A new proposal endorsed unanimously by the Legislature’s Taxation Committee this week would replace the cumbersome Education Opportunity Tax Credit with a simpler version that supporters say would help many more Mainers.
“It’s an extreme simplification of the program,” said Sen. Matthew Pouliot, an Augusta Republican who sponsored it.
The new proposal, which apparently has the backing of Gov. Janet Mills, would apply to Mainers who graduated after 2007 and offer up to $2,500 in refundable tax credits for student loan payments they make each year.
Anya Trudy, director of legislative affairs for the state Department of Administrative and Financial Service, said the administration is “very excited” about the looming revision of the tax credit.
“It’s going to radically simplify it,” she told the committee.
Backers said it would mean that as many as 40,000 Mainers would get up to $2,500 apiece to help them cope with the burden of their student loans. Nobody would get more from the credit than they actually paid back for their loans.
“Let’s just cut to the chase here: the state of Maine is paying off student loan debt” if the measure wins approval this session, Pouliot said.
About 13,000 Mainers use the existing tax credit to get back some money each year, officials said, with the median credit about $2,000.
Some receive nearly $4,000, however, and could face a reduction in the assistance they receive from the state.
“For them, it’s going to be quite a shocker,” said Sen. Benjamin Chipman, a Portland Democrat who co-chairs the tax panel.
Pouliot said it’s better for Maine to “rip the Band-Aid off right now” and fix the program to support more Mainers who “are getting hosed” under the current tax credit because it’s too narrow and complicated to use.
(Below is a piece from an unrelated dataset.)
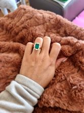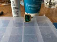 Gorgeous! I love this ring! I had another silver and faux-emerald ring that has a very large center stone. It's very cocktail/costume. I bought this one to match a silver and faux-emerald necklace that I love and it was a perfect match. It is just the right size, not too big or too small. Though it probably wouldn't exactly pass for genuine emerald, it still looks like nice jewelry. It has a lovely sparkle to it and is one of my favorite pieces.

The “little cohort of folks” who might end up in worse shape under the proposed change, as Pouliot put it, may wind up with some relief, though. The administration is discussing whether there’s a way to ease the transition for those Mainers.
The new proposal, worked out by lawmakers and members of Mills’ administration, would drastically reduce the complexity involved for both bureaucrats and people struggling to pay off student loan debt, backers said.
Pouliot said experts who have been involved anticipated that three times as many Mainers would take advantage of a simplified credit.
Under the proposal, which needs the backing of the Legislature and Mills, the new credit would likely take effect in 2023.